Required work. Give back the whole listing word for word and skip each picture.

Recorded information.

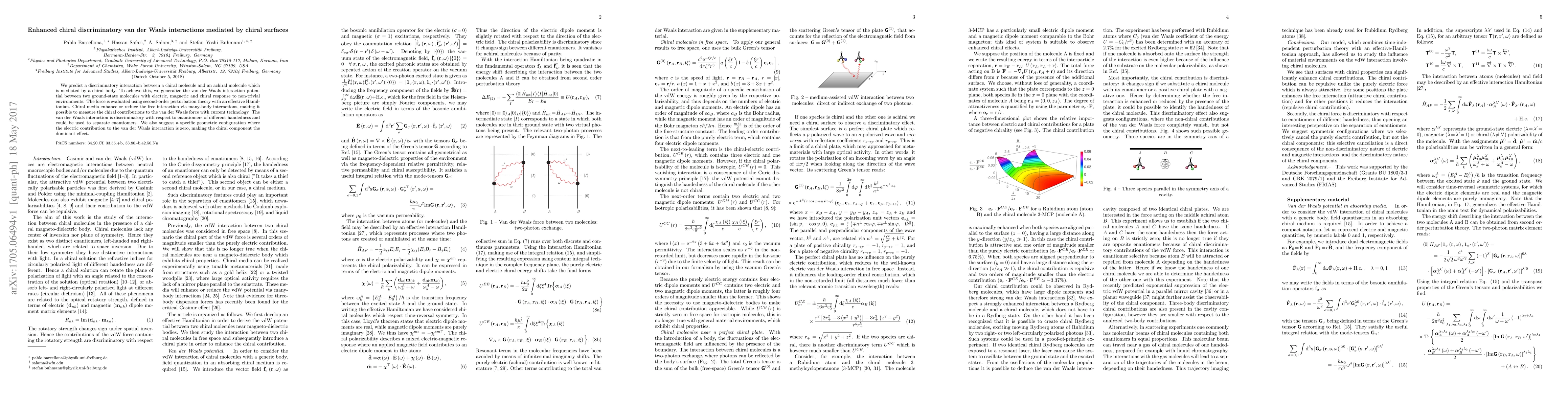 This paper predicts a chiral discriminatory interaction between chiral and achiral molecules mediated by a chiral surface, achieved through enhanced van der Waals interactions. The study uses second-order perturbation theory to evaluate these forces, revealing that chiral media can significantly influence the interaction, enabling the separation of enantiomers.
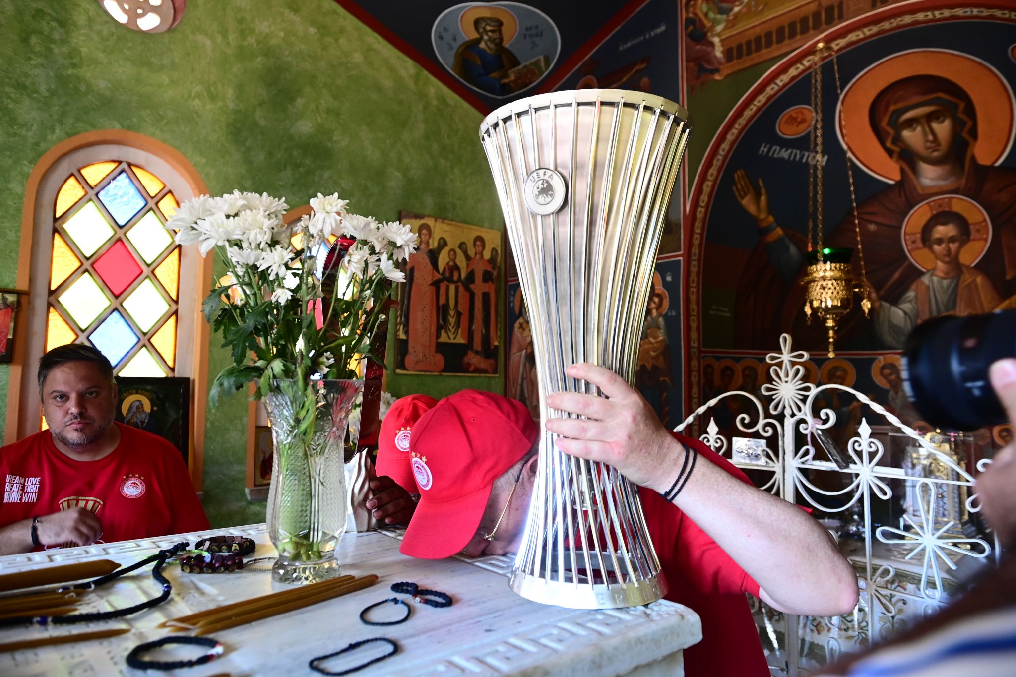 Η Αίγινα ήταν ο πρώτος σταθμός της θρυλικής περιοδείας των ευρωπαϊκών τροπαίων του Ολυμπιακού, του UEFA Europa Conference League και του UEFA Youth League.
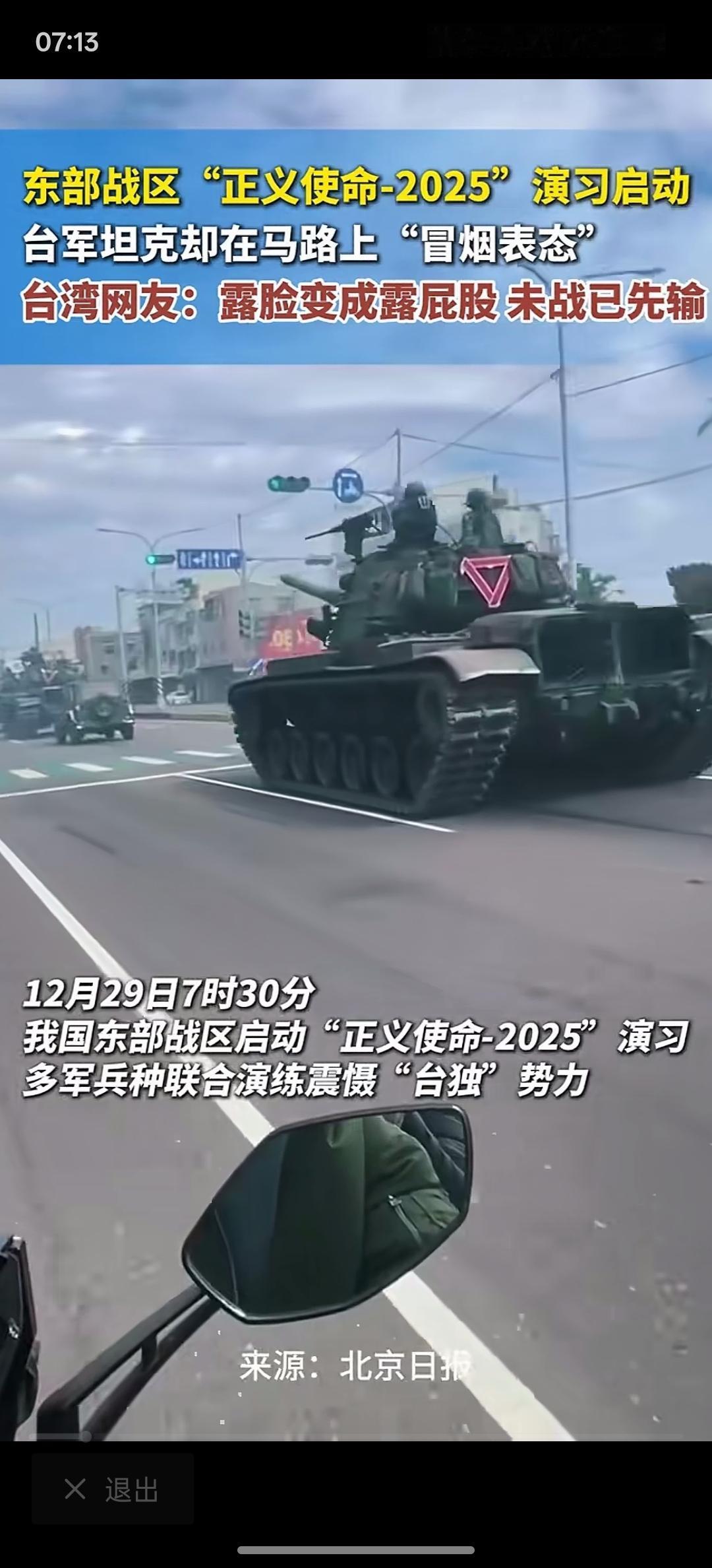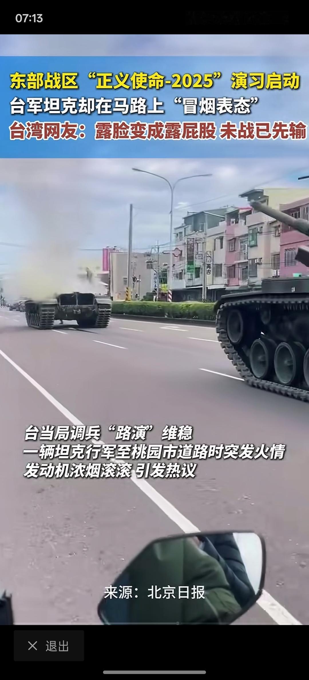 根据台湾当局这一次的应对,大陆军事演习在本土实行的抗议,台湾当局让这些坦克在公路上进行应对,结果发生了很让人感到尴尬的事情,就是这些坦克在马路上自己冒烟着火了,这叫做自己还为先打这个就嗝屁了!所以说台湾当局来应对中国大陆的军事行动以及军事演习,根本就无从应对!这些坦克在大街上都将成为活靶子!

Solution to the exercise.
 This paper predicts a chiral discriminatory interaction between chiral and achiral molecules mediated by a chiral surface, achieved through enhanced van der Waals interactions. The study uses second-order perturbation theory to evaluate these forces, revealing that chiral media can significantly influence the interaction, enabling the separation of enantiomers.
 Η Αίγινα ήταν ο πρώτος σταθμός της θρυλικής περιοδείας των ευρωπαϊκών τροπαίων του Ολυμπιακού, του UEFA Europa Conference League και του UEFA Youth League.
 根据台湾当局这一次的应对,大陆军事演习在本土实行的抗议,台湾当局让这些坦克在公路上进行应对,结果发生了很让人感到尴尬的事情,就是这些坦克在马路上自己冒烟着火了,这叫做自己还为先打这个就嗝屁了!所以说台湾当局来应对中国大陆的军事行动以及军事演习,根本就无从应对!这些坦克在大街上都将成为活靶子!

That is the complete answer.